Bir kısım arkadaşlar var.
Kendilerini, iktidarın yakınında görüyorlar. Hatta iktidarla beraber olabilmek için -kıymışlar paraya- belediye başkanlığına veya milletvekilliğine aday adayı bile olmuşlar.
AK Parti aile fotoğrafında yerlerini almışlar.
Böylece kendilerini tescillemişler.
Ama aday olamamışlar. Ya da aday olmaya layık görülmemişler.
Kimileri aday yapılmamasını gurur yapmış. AK Parti treninden inmemiş ama, “Objektif” olmak adına sıkı bir defans yapıyor. Siz bunu “Muhalefet” olarak da algılayabilirsiniz.
Suçluluk psikolojisi ile de “AK Partili olmak, eleştirmeye mani değildir” diyerek zeytinyağı gibi suyun üstüne çıkmaya çalışıyor.
Aslına bakılırsa, söyledikleri hem mantıklı hem de doğru.
Ne de olsa dost acı söyler.
Dost, acı söylemesine acı söyler de bunun bir yolu yok mudur?

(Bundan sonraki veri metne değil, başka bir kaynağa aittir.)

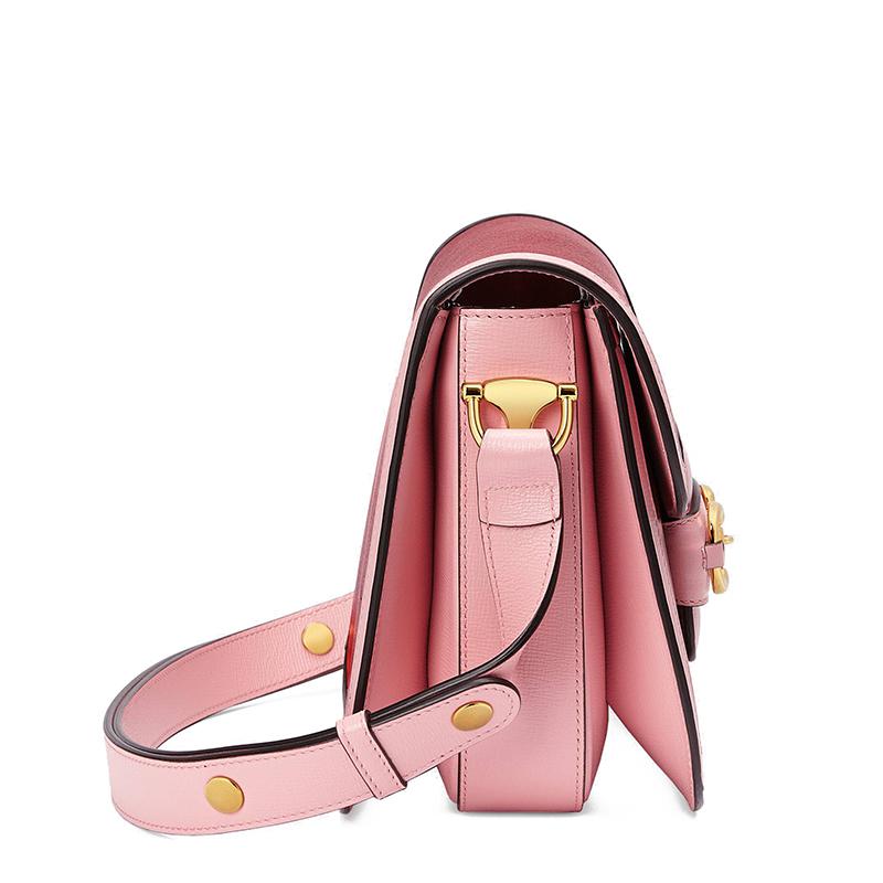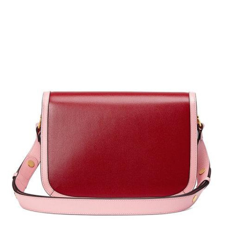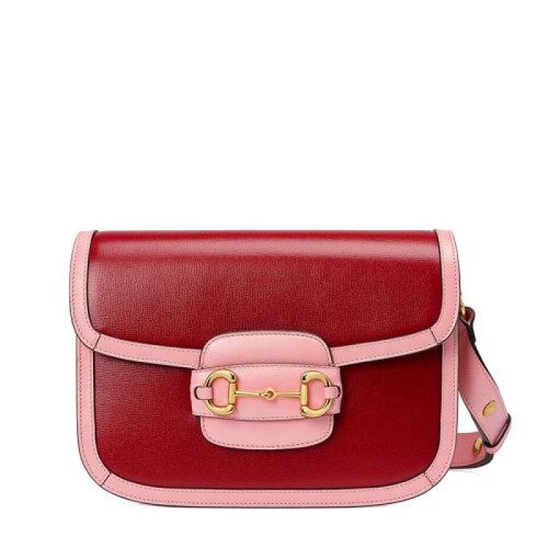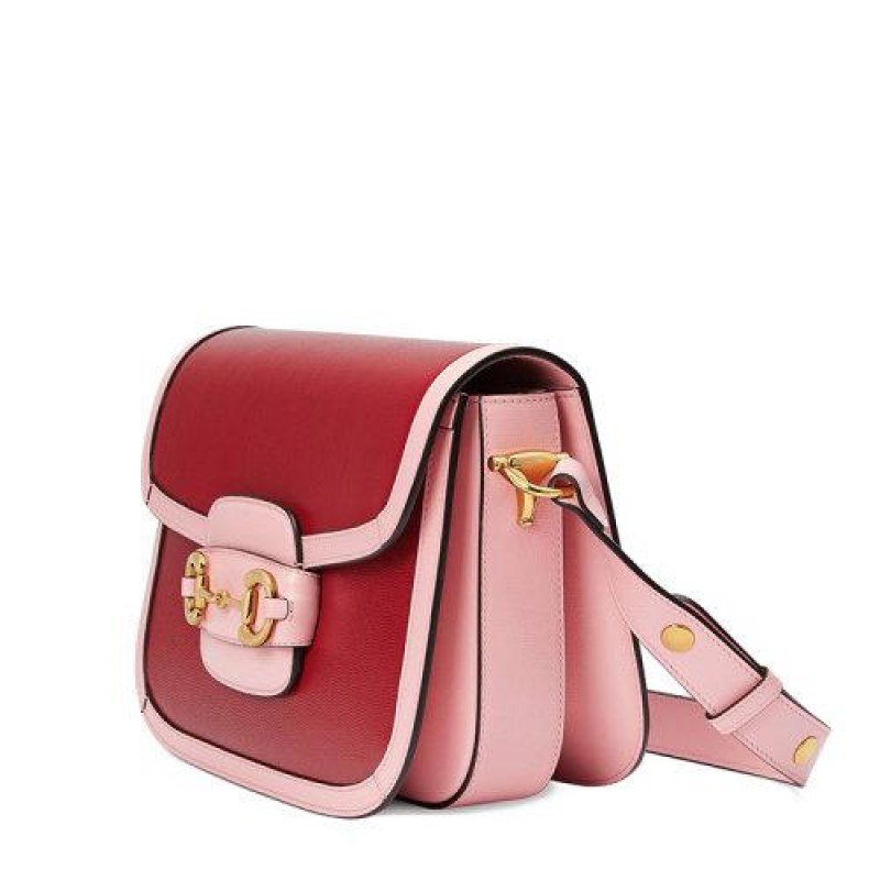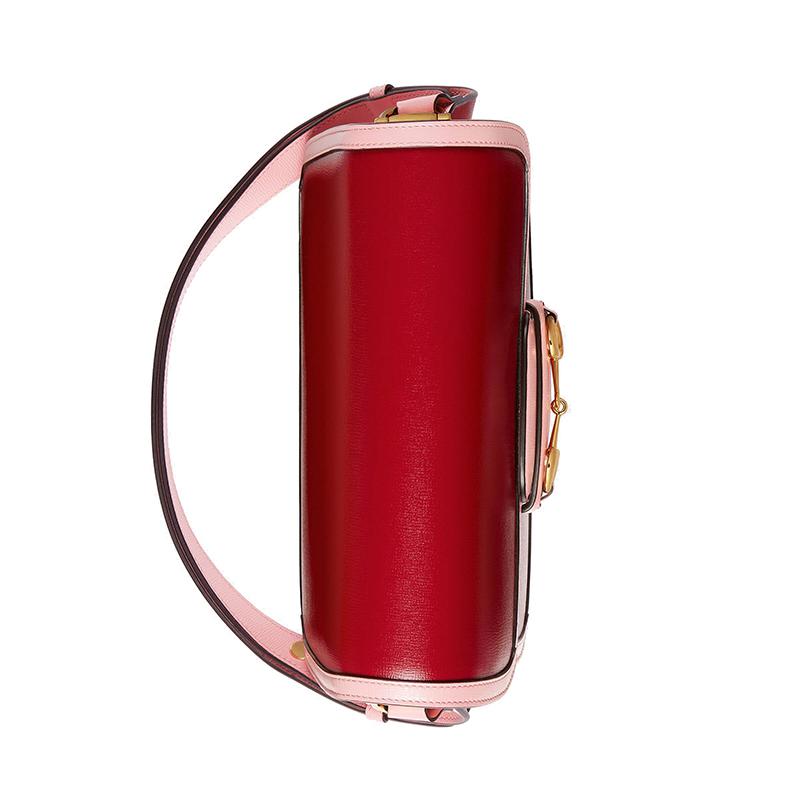 【包税】GUCCI/古驰 2021春夏新款 Horsebit 1955系列 女士小号红色和粉色皮革马衔扣单肩斜挎手提包6022041DBAG6668

Dost, acı söylermiş diyerek, elalemin içinde her şeyi söylemeli midir?
Dostun her söylediği doğru olmalı ama, her doğruyu her yerde söylememeli değil midir?

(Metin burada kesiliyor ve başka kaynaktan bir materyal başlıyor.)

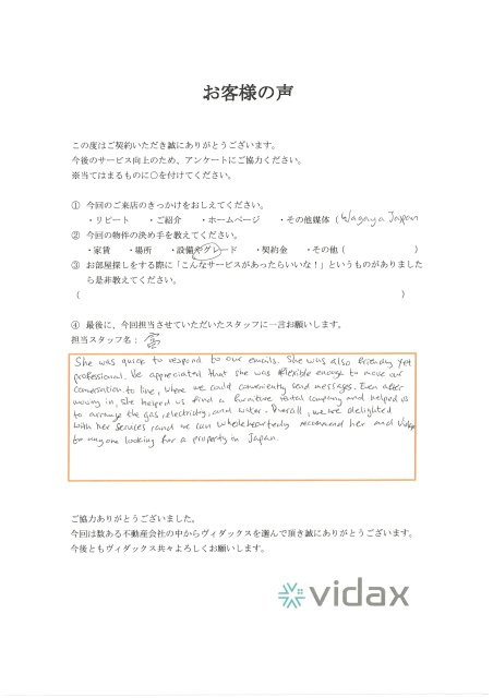 Aika was quick to respond to our emails. She was also friendly yet professional. We appreciated that she was flexible enough to move our conversation to line, where we could conveniently send messages. Even after moving in, she helped us find a furniture rental company and helped us to arrange the gas, electricity and water. Overall, we are delighted with her services and we can wholeheartedly recommend her and Vidax to anyone looking for a property in Japan.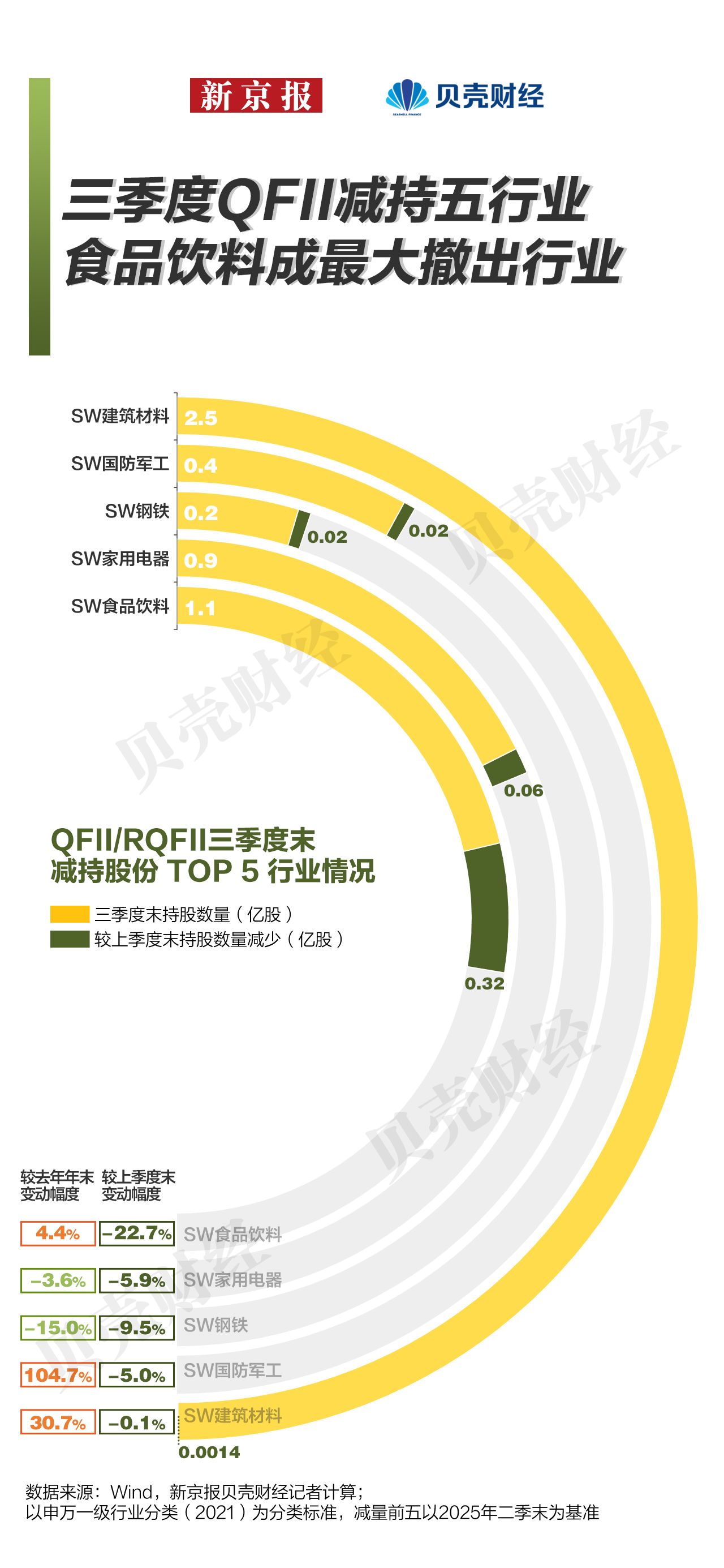 此外,三季度,QFII/RQFII僅對五個行業進行了減持。其中,食品飲料成為減持數量最大的行業,較二季度末持倉數量下降22.7%。家用電器和鋼鐵行業分列其後,持倉較二季度末分別減少558萬股和245萬股。家電板塊部分龍頭企業前期股價表現強勢,QFII/RQFII或選擇階段性減倉獲利;鋼鐵板塊則受週期性需求波動影響。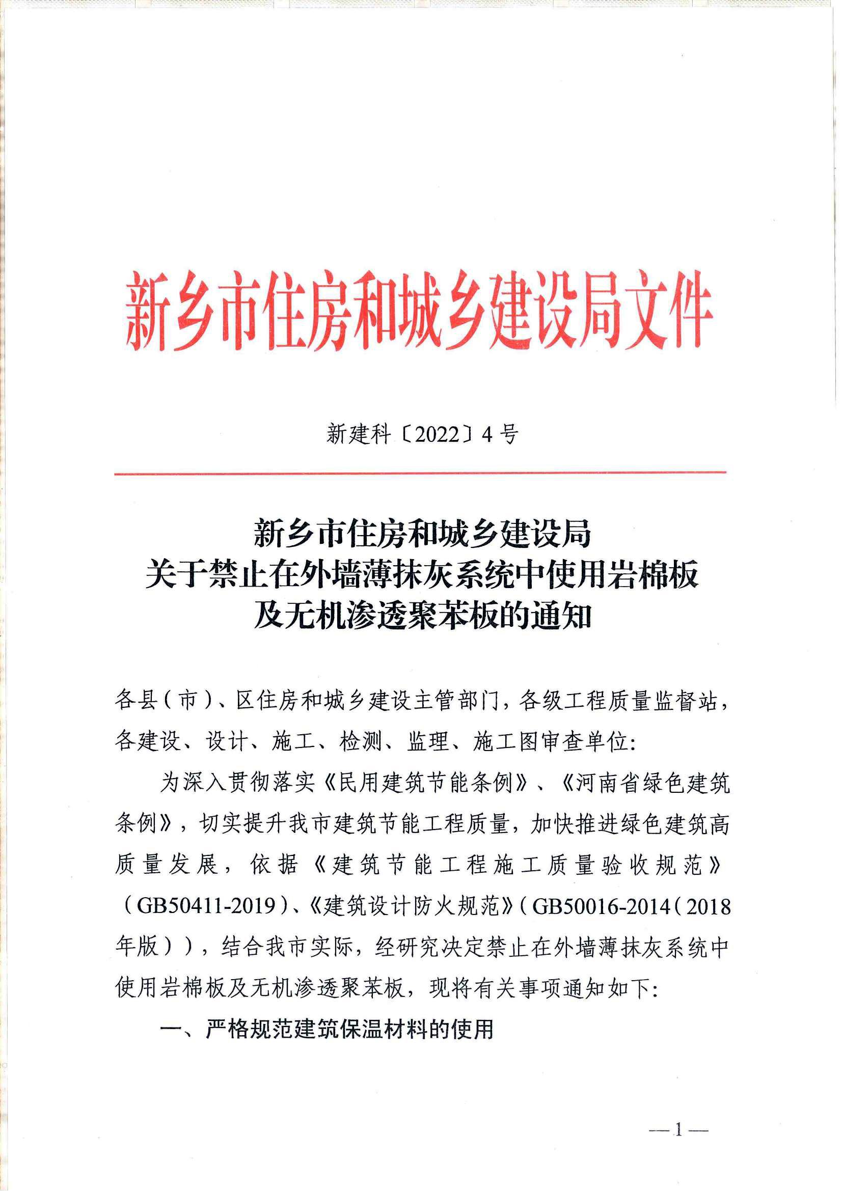 2022年5月20日新乡市住房和城乡建设局发文《关于禁止在外墙薄抹灰系统中使用岩棉板和无机渗透聚苯板的通知》,新乡市成为河南省内继开封第二个明确发文限制或禁止岩棉在外墙薄抹灰系统中使用的地级市,此文件除禁止岩棉在外墙薄抹灰系统中使用外,也禁止了采用无机渗透工艺所生产的无机渗透聚苯板作为A级保温材料在外墙薄抹灰系统中的使用。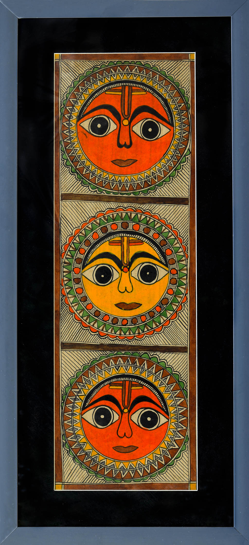 This folk-inspired painting features three radiant, circular faces stacked vertically, each adorned with symmetrical eyes, delicate tilaks, and sunburst-like halos. Rendered in orange, yellow, and red, the faces evoke celestial or divine presence, possibly symbolizing energy, transformation, and spiritual progression. The black background intensifies the vibrancy of the colors, while the blue-gray frame adds a…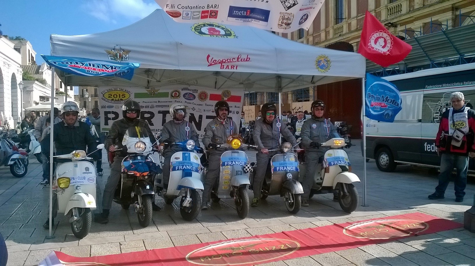 La “Tre Mari” 2015 è scattata, puntualissima, questa mattina da Piazza del Ferrarese, sul lungomare di Bari, con la bandiera a scacchi abbassata sulla prima squadra che iniziava il percorso dei 233 Km. tra Puglia, Basilicata e Campania, con meta finale Policastro Bussentino, località balneare della riviera del Mar Tirreno, che verrà raggiunta intorno alle diciassette. Sono 203 gli iscritti a questa edizione (ricordiamo, a numero chiuso) di cui una trentina gli equipaggi dall’estero (Germania, Francia e Inghilterra). La macchina organizzativa messa in moto dal Vespa Club Bari, che si avvale della collaborazione del Moto Club Peperosso e del Vespa Club Paola, è imponente e collaudatissima; d’altronde undici edizioni alle spalle hanno consentito un continuo perfezionamento. Ieri, nell’Hotel 7 Mari nei pressi del Quartiere Fieristico , si sono svolte le operazioni preliminari, con il perfezionamento delle iscrizioni e il momento magico del briefing, primo contatto degli organizzatori con i partecipanti, che si sono rivelati attenti ma entusiasti, pronti ad iniziare questa avventura che li porterà a raggiungere nuovamente Bari lunedì 1 giugno, dopo quattro tappe e dopo aver percorso più di 800 Km.

Ya da başka bir deyişle, objektif olmak patavatsız olmak değildir.
AK Parti eleştirilmez mi?
Elbette eleştirilir.
CHP eleştiriliyorsa, AK Parti de eleştirilebilir.
Mesela ben CHP’yi –yanlışlarından dolayı- sık sık eleştiriyorum.

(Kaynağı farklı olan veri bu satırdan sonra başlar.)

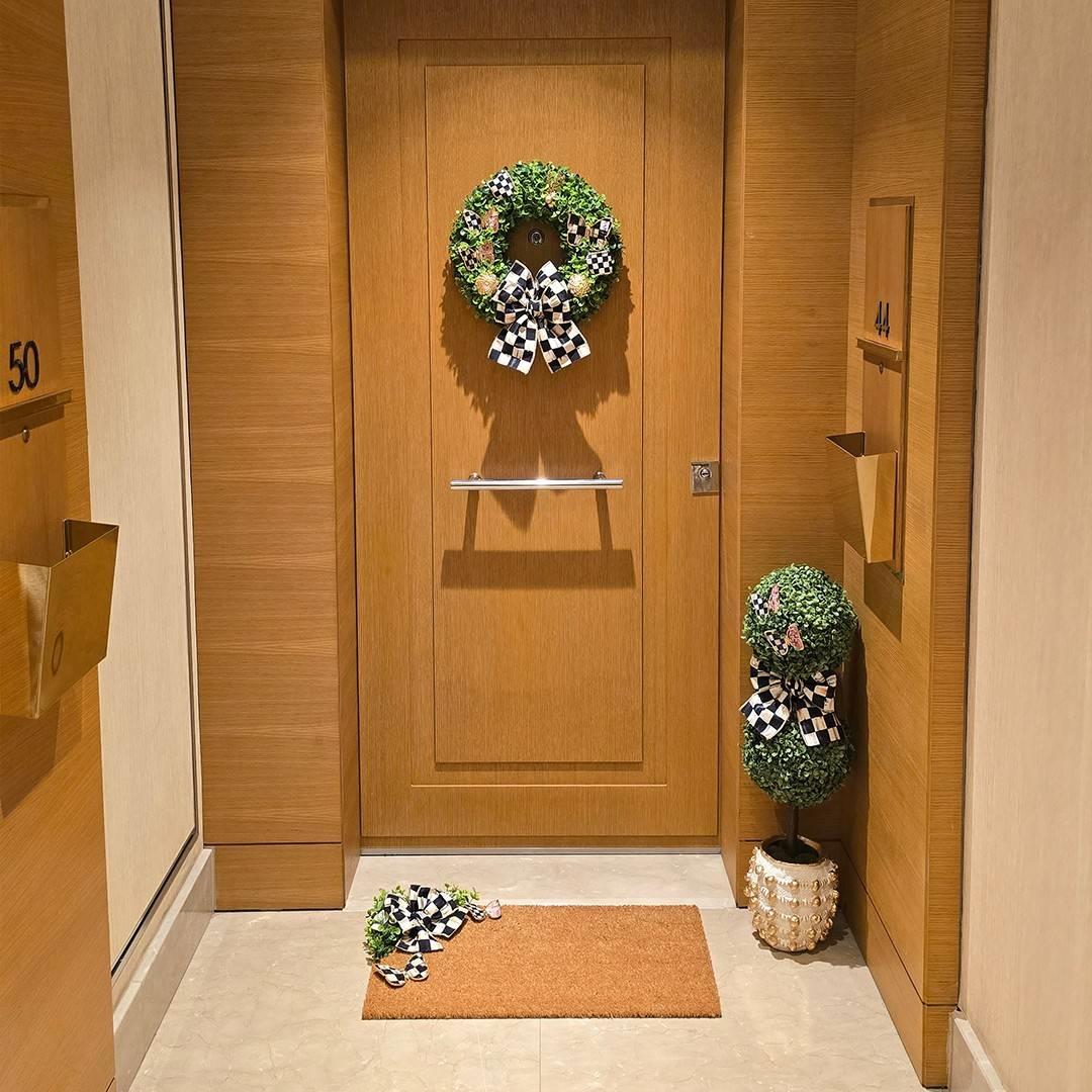 Ella imzalı özel tasarım kapı süsleri ve paspas modellerinde kullanılan tüm kurdele çeşitleri Mackenzie-Childs orijinal kurdeleleridir.
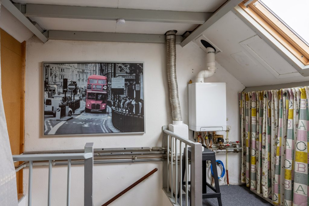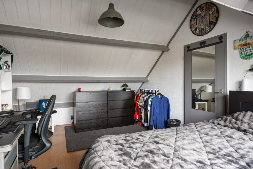 De 2e verdieping bereik je middels een vaste trap vanaf de overloop en bestaat uit een overloop met bergruimte en o.a. de cv-ketel en een fraaie zolder-/slaapkamer van ca. 15m² voorzien van grote dakkapel.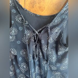 Excellent conditions vintage retro 90s dress with tie neck line and daisy line art design

Ama ben delikanlı gibi muhalifliğimden yapıyorum.
CHP’li gibi gözükerek değil.
Osmanlı sadrazamlarından Koca Mehmet Ragıp Paşa gazelinde şöyle der:
“Meyan-ı güft ü güde bed-meniş îham eder kubhun,
Şecaat arz ederken merd-i kıptî sirkatin söyler”
“Mayası bozuk olanlar, söz esnasında kabahatini farkında olmadan sezdirir/ima eder.
Kıbtî Beyi/Erkek Çingene de yiğitliğini anlatırken hırsızlığını söyler/örnek verir.”